We know that mental health awareness is increasing, but we also know that some people still find it hard to talk about. Asking for help can be a struggle, but so can offering help - for fear of saying or doing the wrong thing.
Often we worry how to approach a conversation about someone’s mental health, but helping someone doesn’t have to be hard. You don’t have to be a psychologist either. There are no special skills needed, just the ones you use every day like being approachable and empathetic, as well as using your listening skills. Doing nothing and brushing things under the carpet just makes matters worse.
Good mental health at work and good management go hand in hand. There’s strong evidence that workplaces with high levels of mental wellbeing are more productive.
Spot, support, and signpost
It all starts with asking someone how they are doing and genuinely caring. If you get the stock answer of, ‘fine’ but you suspect that they aren’t, then ask a few more questions. Don’t interrogate them. Just letting someone know you care is a good way to open a conversation.
If people do want to talk about how they’re feeling, it must be in a place where they feel comfortable. You must also have the time to listen. The last thing anyone needs is to feel rushed or that you’re not interested.
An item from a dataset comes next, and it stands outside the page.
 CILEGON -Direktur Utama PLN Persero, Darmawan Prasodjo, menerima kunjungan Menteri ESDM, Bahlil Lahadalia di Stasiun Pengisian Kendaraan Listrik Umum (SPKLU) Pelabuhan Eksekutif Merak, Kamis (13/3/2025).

It’s also important that you give your full attention to the person and minimise disruptions like your phone ringing, emails popping up or people just nipping in and out.
Active listening is vital and that means being present and engaged in a conversation. Repeat what they have said back to them to ensure you have understood. This is powerful as it shows them you care. When the conversation ends, recap what you have discussed and agreed to. Ensure you do what you’ve said you’ll do, as this will help build trust.
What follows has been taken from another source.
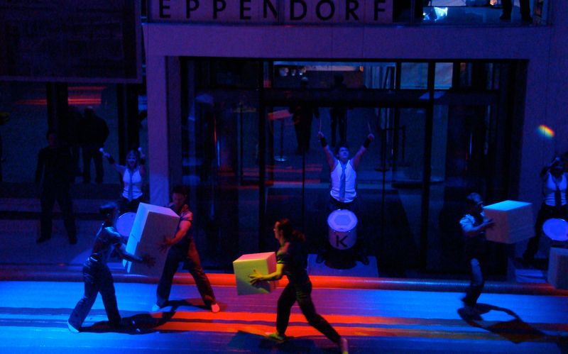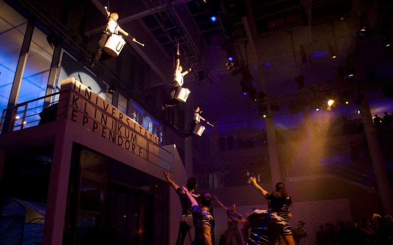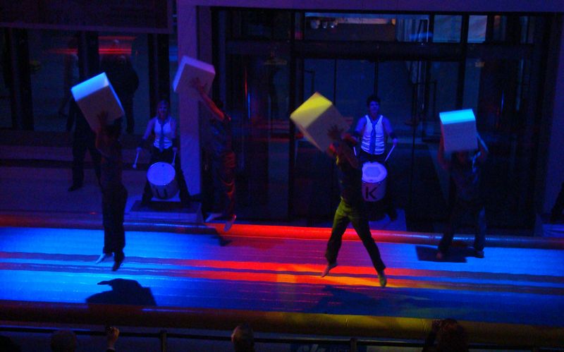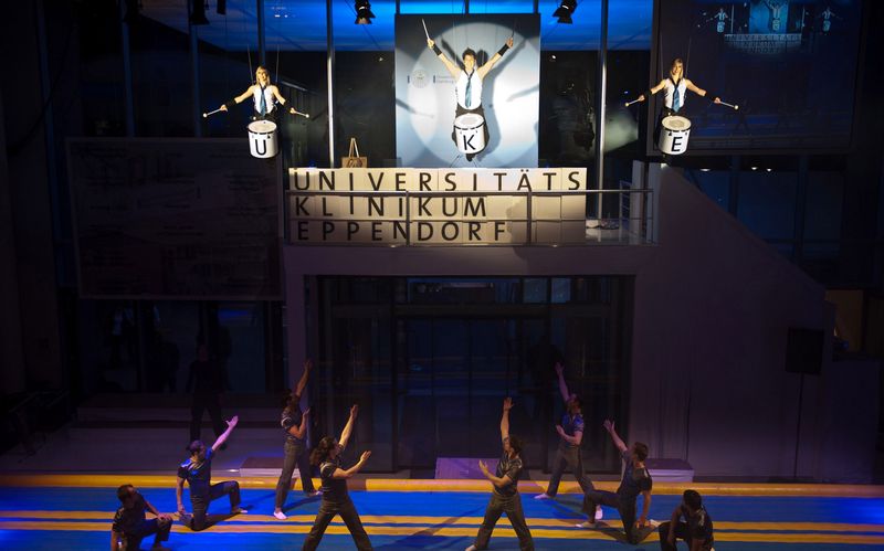 The show concept was quickly accepted. For us however work just started. The German name of the hospital is not exactly short: “UKE - Universitätsklinikum Hamburg-Eppendorf“. This meant for us 38 cubes, blanks inclusive that shall be built up with acrobatic precision. We gladly accepted the challenge and the audience thanked with big applause, when the last cube was set exactly with the last beat of the music.

It can be hard to hear difficult or upsetting things, so suspend any judgment. Don’t try to fix them. Listen with empathy, saying things like, “I don’t know how you’re feeling but I can see that you’re upset,” is better than saying you ‘understand’.
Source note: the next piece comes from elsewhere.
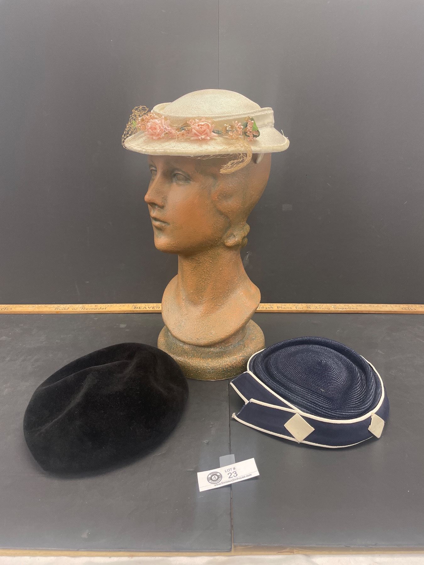 Vintage Ladies Hats Includes Velvet Tam Ostrich Italy

Ask open questions but not too many. Give them time to answer. As a former police officer, you can imagine that this took me a while to refine!
Give them some tips on wellbeing and share what you do. We know that exercise, having a healthy diet, taking a break and connecting with others can help protect our mental health and sustain wellbeing. Ask what has helped them in the past and what you can do to help.
Encourage them to get support, if needed, from external agencies or HR, and signpost them to places that they can get resources to self-help.
By having open conversations and implementing strategies about mental health, we can help remove the stigma.